Physical features. The website provides measurements for width and height (measured or calculated) for features like column, intercolumn, roll, letters, and vertical spacing.
Scribal features. So far, the website provides synoptic analysis of the punctuation, and of scribal usage for nu-movable and iota adscript. We will be adding to these data over time.

Early Codices
Over the past years, we have accumulated extensive data for all codices of known works (and some unknown works) for which a third-century or earlier date is claimed by scholars. Phase II of the website project will be the release of these data in 2026.

Origins & Future
The Bookrolls side of the project is primarily the work of William A. Johnson, with important additions by Nicholas Wagner. The core dataset for the physical features are those that inform Johnson’s 2004 monograph, Bookrolls and Scribes in Oxyrhynchus (Toronto University Press); the core dataset for the scribal features are those that inform Johnson’s 2025 volume, W. A. Johnson, Punctuation, Iota Adscript, and Nu-movable in Ancient Literary Bookrolls (Leuven, TOP 10). To those data have been added additional literary papyri, so far mostly by Wagner. The full dataset resides in a Filemaker database. What the website presents is curated, synoptic data drawn from the full dataset. The methodologies for accumulating these data are described and discussed in Johnson’s 2004 and 2025 publications.
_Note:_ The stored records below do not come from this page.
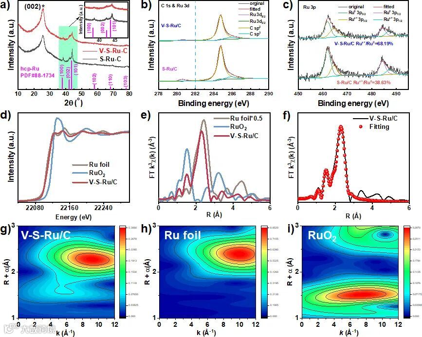 XRD进一步确认了Ru粒子中应力的存在。XANES显示目标催化剂缺陷与应力Ru纳米颗粒中Ru有着类似金属Ru的特性。FT-EXAFS 曲线中位于 1.50 和 2.30 Å 处的两个分离峰,分别对应于 Ru-C 和 Ru-Ru 键。另外, 有应力与缺陷的中 Ru-Ru 的键长比 Ru 箔中的键长(2.42Å) 更短,证实了晶格压缩的存在。拟合结果表明, 有应力与缺陷的中 Ru-Ru 键的配位数为 4.9,低于 Ru 箔的配位数(即 12)。Ru-Ru 配合度的降低进一步证实了有应力与缺陷的Ru/C 中可能存在丰富的结构缺陷,这与之前提到的 AC-HAADF-STEM 结果一致。此外,还对 Ru K-边 EXAFS 进行了小波变换(WT)处理,结果显示“有应力与缺陷的Ru/C”与“Ru箔”相比,其小波变换最大强度有所偏移,表明催化剂中存在结构缺陷。
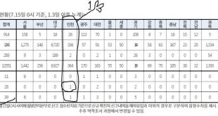 Read More »[7/18/0시]확진369명(2명:해외1명,지역1명),격리25명(1명),완치퇴원342명(1명),사망2명(-)
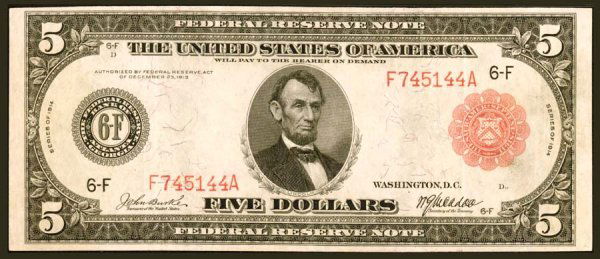 (935*) 1914 $5 FEDERAL RESERVE STAR NOTE FR.867a* ATLANTA PCGS VF 20 VERY FINEMar 03, 20261928A $5 Legal Tender Note FR#1526 PCGS Gem 65 PPQFeb 28, 20261914 $5 Federal Reserve Note New York PCGS VF20 Certified1 day Left1914 New York $5 Federal Reserve Note PMG VF354 days Left1928D $5 Legal Tender Note Fr# 1529 PCGS Superb Gem 67 PPQ1 day Left1929 United States $5 The Citizens National Bank Of Washington Pennsylvania National Currency Note6 days LeftSeries Of 1917 United States $1 Large Size Legal Tender Note6 days LeftUS 1914 $10 Federal Reserve Note, Cleveland, Fr-919A1914 $5 Federal Reserve Note Type 833b PMG F15 New York3 days Left1928E $5 Legal Tender Note FR#1530 PCGS Superb Gem 67 PPQFeb 28, 20261928B $5 Legal Tender Note Fr# 1527 PMG MS65 Uncirculated1 day LeftThree 1914 Federal Reserve Notes: $5, $10, and $20Mar 10, 2026(3) Fed Reserve Notes- $5, $10, and $505 days LeftGold 1914 $5 Federal Reserve Note New York FR#833b PMG VF20 GCCMar 04, 20261928C $5 Legal Tender Note Fr# 1528 PMG MS64 Uncirculated4 days Left1929 T-1 $5 National Bank Note Cleveland Ohio Ch #4318 Uncertified6 days Left
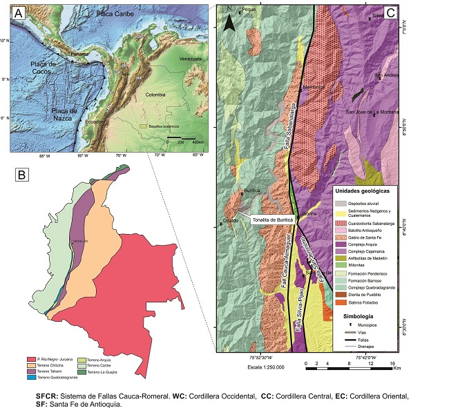 Las rocas agrupadas bajo la denominación "Batolito de Sabanalarga" se localizan en la zona de confluencia de 4 terrenos geológicos (Caribe, Arquía, Quebradagrande y Tahamí (Gómez et al., 2015)), y del sistema de fallas Cauca-Romeral (SFCR), sistema de fallas que se extiende a lo largo de 2000 km desde el norte de Antioquia hasta el sur en Ecuador (Figura 1A; Villagómez, 2010). A continuación, se describen las principales características de cada uno de estos elementos geológicos para determinar las posibles relaciones de los mismos con el Batolito de Sabanalarga.
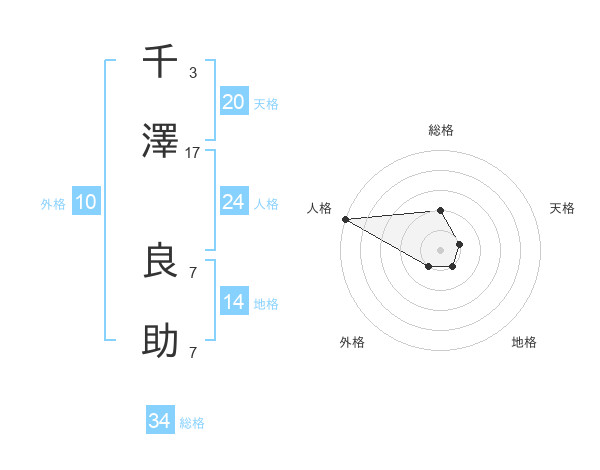 千澤 良助さんの総格は34画の2点!
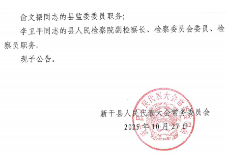 新干县第十八届人民代表大会常务委员会第三十三次会议公告
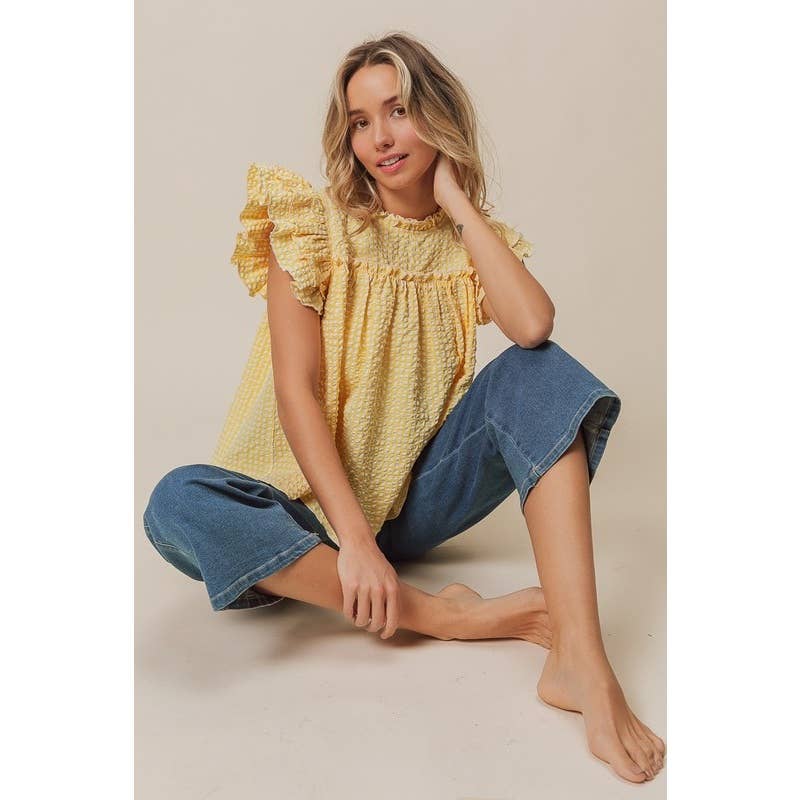CRINKLE GINGHAM LAYERED RUFFLE SLEEVE TOP
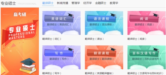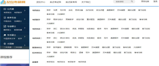 《起点考研网》的考研课程分为五大类,近30门课程。即包括考研公共课程、统考课、专业硕士、学术硕士、小语种等。
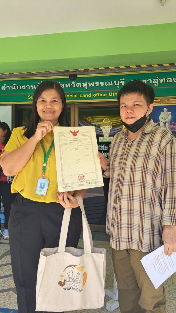 สำนักงานกองทุนฟื้นฟูและพัฒนาเกษตรกร สาขาจังหวัดสุพรรณบุรี โดยนางสาวรัชดา พงษ์ภูมิมาศ หัวหน้าสำนักงานสาขาจังหวัดพิจิตร ปฏิบัติงานแทนหัวหน้าสำนักงานสาขาจังหวัดสุพรรณบุรี ได้โอนกรรมสิทธิ์คืนให้เกษตรกรสมาชิกกองทุนฟื้นฟูและพัฒนาเกษตรกร ที่กองทุนฯชำระหนี้แทนให้เจ้าหนี้เดิม และเกษตรกรทำสัญญาเช่าซื้อกรรมสิทธิ์คืนไปจากกองทุนฯ โดยเมื่อวันที่ 9 ธันวาคม 2567เป็นการโอนกรรมสิทธิ์คืนให้เกษตรกรสมาชิกจังหวัดสุพรรณบุรี ที่ได้ชำระหนี้ปิดบัญชี ครบถ้วนตามสัญญา จำนวน 2 ราย หลักประกันจำนวน 3 แปลง ณ สำนักงานที่ดินจังหวัดสุพรรณบุรี สาขาอู่ทอง
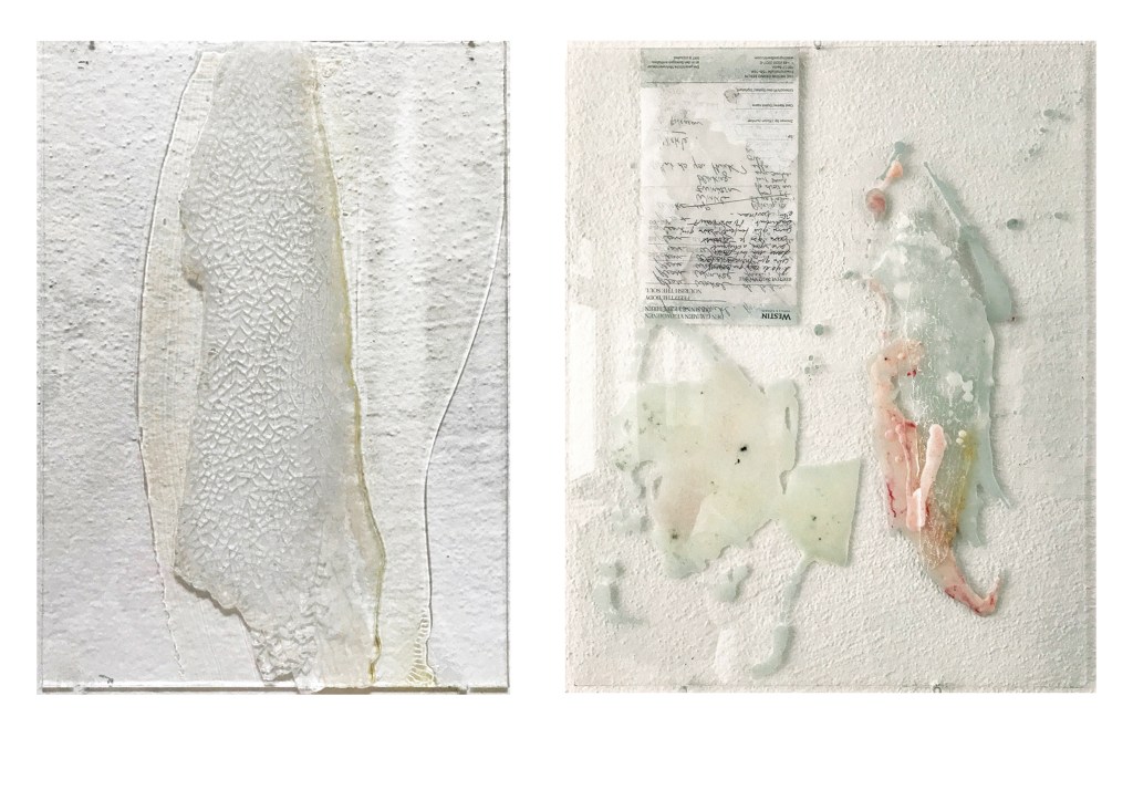 Letter to miss Müller Diptych 2019. Tempered glass broken and laminated on glass. Wax, medium, collage, varnish.
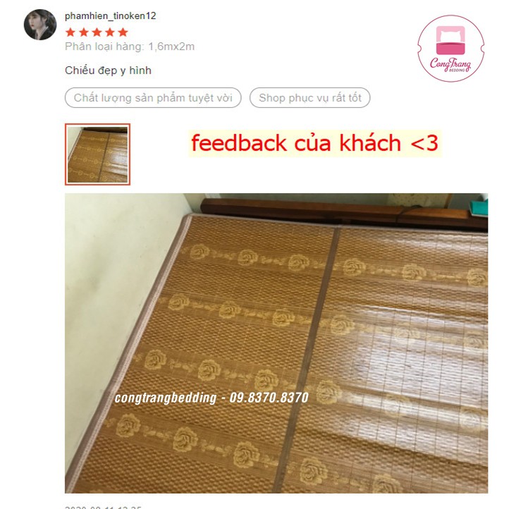 Nhà cửa & Đời sống > Chăn ga gối nệm > Chiếu điều hòa || Chiếu trúc vân gỗ HOMIES mặt sau lót lụa in hoa, loại dày đẹp cho mùa hè mát lạnh - nhiều kích thướcCòn hàng

The Codices side of the project was started by Johnson in 2010 with initial accumulation of bibliography and high-resolution images for many of the targeted 350 codices with the assistance of Gabrielle Stewart and Mason Barto. Those early efforts formed the foundation for launch of the Early Codices Project in 2021, a concerted collaboration by Wagner (who has done the majority of the data entry) and Johnson (who wrote the software that facilitates the data entry and reconstructions of the codices), consisting now of a full dataset for 200 codices. Those data also reside in a Filemaker database. Both Wagner and Johnson carefully review and verify the data for each codex before tagging the records completed. That verification task is our present focus, after which we will turn to the curation of the synoptic data. We expect to add the first tranche of codices data to the Ancient Books Website in 2026.
We plan for the website to be an ever-expanding, continuing resource.